Here, I have purposefully drawn this line steeper than this because in a T s diagram,
the constant volume lines are steeper than constant pressure lines. Now, we are going
to analyse the efficiency of this cycle and compare that with Otto cycle; that is one
of the tasks that we will do. So, what is q H here? Without referring to, you know,
individual systems for writing the first law of thermodynamics, we will simply now—we’ll
write that the heat addition is from 2 to 3.
So, q H is u 3 minus u 2 plus w 23, right? Straight away, this we are writing.

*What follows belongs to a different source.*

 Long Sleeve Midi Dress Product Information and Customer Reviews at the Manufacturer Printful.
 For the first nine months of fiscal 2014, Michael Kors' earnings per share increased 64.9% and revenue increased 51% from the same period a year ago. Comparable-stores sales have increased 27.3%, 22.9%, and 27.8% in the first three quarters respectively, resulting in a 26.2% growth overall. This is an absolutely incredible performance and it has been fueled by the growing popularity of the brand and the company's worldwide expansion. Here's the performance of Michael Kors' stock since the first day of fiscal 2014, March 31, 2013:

So, one
of the major assumptions in the air standard cycle which, in the previous lecture, I forgot
to mention, but you also add it, that you neglect changes in kinetic energy and potential
energy of the working fluid. Because, we are writing these expressions neglecting the changes
in kinetic energy and potential energy, although that is not what we explicitly tell always,
for thermodynamic purposes, the thermal energy contribution is usually much more significant
than the kinetic energy, potential energy contribution.

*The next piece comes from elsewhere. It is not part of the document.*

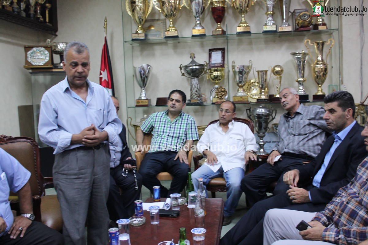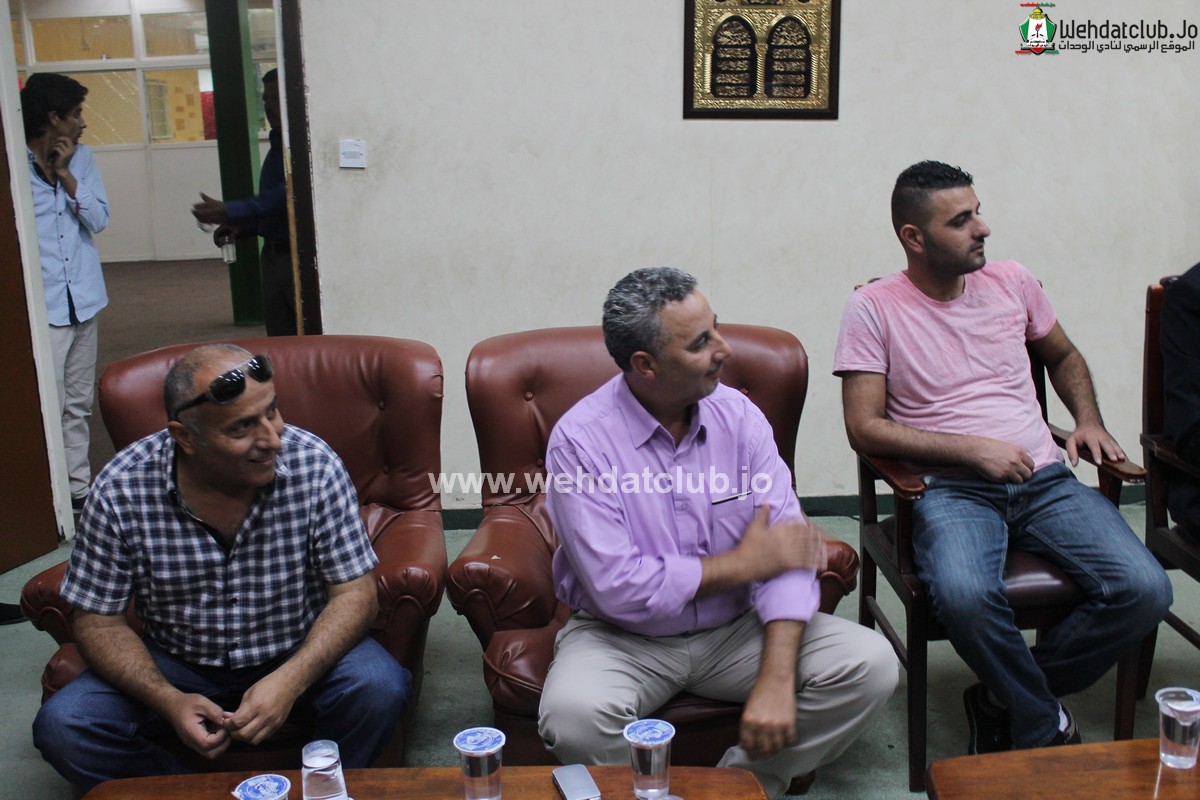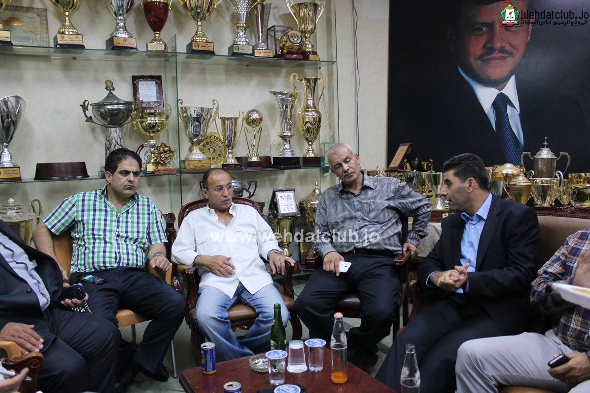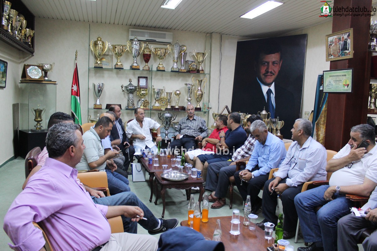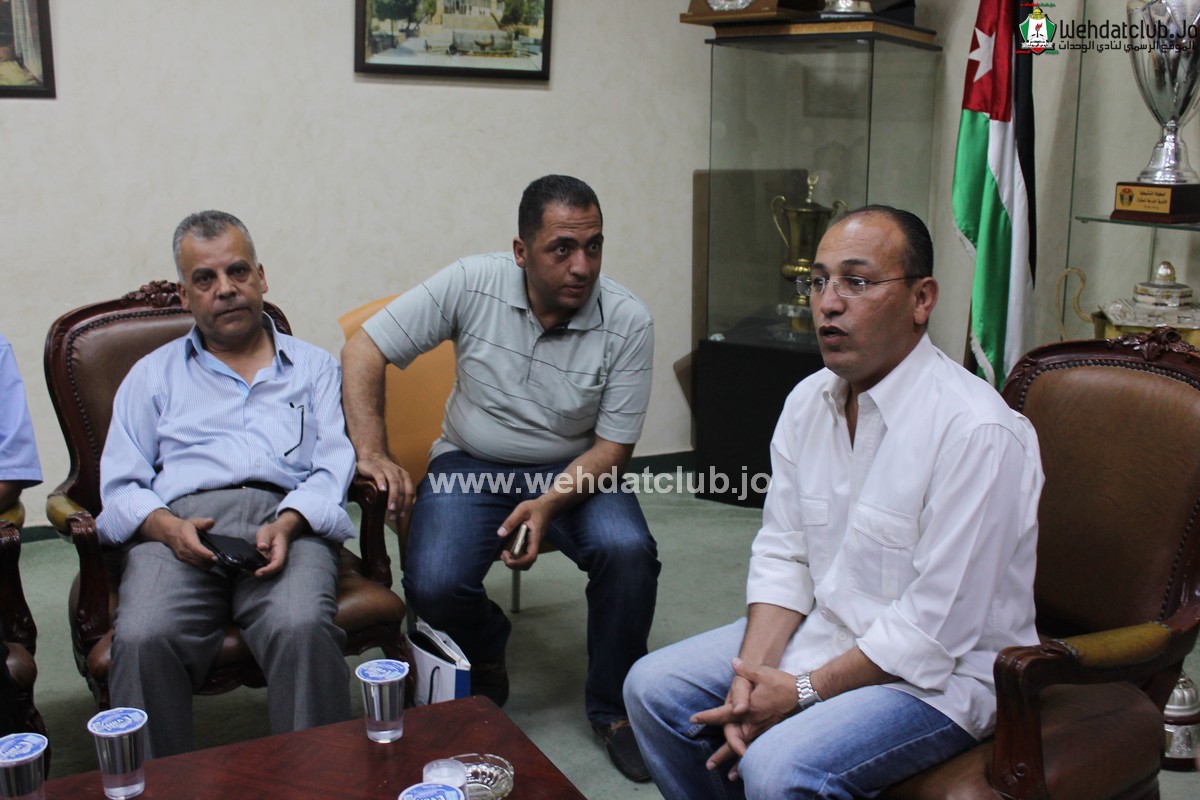 وكان في استقبال الوفد الفلسطيني اعضاء مجلس الاداره حاتم ابو معيلش و زياد شلبايه بالاضافة الى أمين سر النادي عوض الأسمر الذي رحب بالضيوف مؤكداً على عمق العلاقة الأخوية التي تربط نادي الوحدات بالأندية الفلسطينية الشقيقة, والدور الكبير الذي يلعبه نادي الوحدات باعتباره النادي الأم لكافة الأندية الفلسطينية في الداخل والشتات.

So, this will be C v into T 3 minus T 2 and what is w 23? So, this is integral pdv from
2 to 3. So, p into V 3 minus V 2; pressure is constant, okay? So, the fuel injection
process which is typical to the diesel engines is such that, during the fuel injection—so,
the difference in paradigm, try to understand. In the previous cycle, we were trying to model
the combustion in a already mixed air and—premixed air and fuel, in the Otto cycle. So, here
we are considering that the air is highly compressed and the fuel is injected.
So, once you do that, the fuel injection process during which this chemical energy of the fuel
is input to the highly compressed air, you will have roughly a constant pressure heat
addition process. So, that is why this difference between the heat addition processes in Otto
cycle and diesel cycle. So, now, p V 3, this is as good as RT 3 and p V 2, this is as good
as RT 2. So, you can write this as C v plus R into T 3 minus T 2. So, that is nothing
but C p into T 3 minus T 2, okay? What is q L? q L
is nothing but—now, it is a constant volume process, so C v into T 4 minus T 1.

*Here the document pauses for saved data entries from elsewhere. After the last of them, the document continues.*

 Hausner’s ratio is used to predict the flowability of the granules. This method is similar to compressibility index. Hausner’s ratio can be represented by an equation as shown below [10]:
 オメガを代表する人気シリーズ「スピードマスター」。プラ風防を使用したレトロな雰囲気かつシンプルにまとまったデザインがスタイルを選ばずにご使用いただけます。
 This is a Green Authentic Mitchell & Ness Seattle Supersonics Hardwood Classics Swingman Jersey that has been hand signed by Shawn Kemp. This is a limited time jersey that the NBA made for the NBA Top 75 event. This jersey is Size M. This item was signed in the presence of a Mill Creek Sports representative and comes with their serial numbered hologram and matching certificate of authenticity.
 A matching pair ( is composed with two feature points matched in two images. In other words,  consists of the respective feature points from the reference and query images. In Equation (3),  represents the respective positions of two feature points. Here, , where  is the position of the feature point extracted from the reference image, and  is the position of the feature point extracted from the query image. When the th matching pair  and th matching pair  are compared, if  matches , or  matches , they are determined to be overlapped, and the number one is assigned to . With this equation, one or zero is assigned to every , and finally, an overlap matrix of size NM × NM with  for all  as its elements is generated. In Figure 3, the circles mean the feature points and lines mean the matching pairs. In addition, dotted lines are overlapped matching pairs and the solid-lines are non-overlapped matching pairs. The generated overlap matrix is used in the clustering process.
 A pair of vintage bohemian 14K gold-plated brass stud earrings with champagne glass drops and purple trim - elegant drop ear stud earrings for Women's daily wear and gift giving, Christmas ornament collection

Remember, heat transfer—sign-wise, this is negative heat transfer, but when you are
writing q L, for the purpose of calculating efficiency, it’s already the mod. It’s
already the magnitude. So, we have to write T 4 minus T 1 and not T 1 minus T 4. The efficiency—we
will calculate the efficiency in this side. Is equal to 1 minus q L by q H. So, this is
1 minus C v into T 4 minus T 1 by C p into T 3 minus T 2. C v by C p is 1 by gamma. Just
like the previous example of Otto cycle, we will extract T 1 by T 2 here. We will write
T 4 by T 1 minus 1 by T 3 by T 2 minus 1. Now, T 4 by T 1, we can write T 4 by T 3 into
T 3 by T 2 into T 2 by T 1, right? Now, T 1 by T 2, or T 2 by T 1, but it is T 2 by
T 1, v 1 by v 2 to the power gamma minus 1. So, that is R to the power gamma minus 1.
And, what is T 3 by—and what is T 4 by T 3? Is equal to v 3 by v 4 to the power gamma
minus 1. v 3 by v 4 is v 3 by v 2 into v 2 by v 4. v 2 by v 4 is same as v 2 by v 1,
right? Because v 4 is same as v 1. So, this is—now, before that, what is v 3 by v 2?
v 3 by v 2, we call as cut off ratio or r c. So, this is a new definition. So, r c to
the power gamma into 1 by r to the power gamma minus 1, where r c is v 3 by v 2 is equal
to cut off ratio. Why this is called as cut off ratio? Because this is the volume ratio
at which the heat addition is cut off, otherwise it’d have indefinitely continued.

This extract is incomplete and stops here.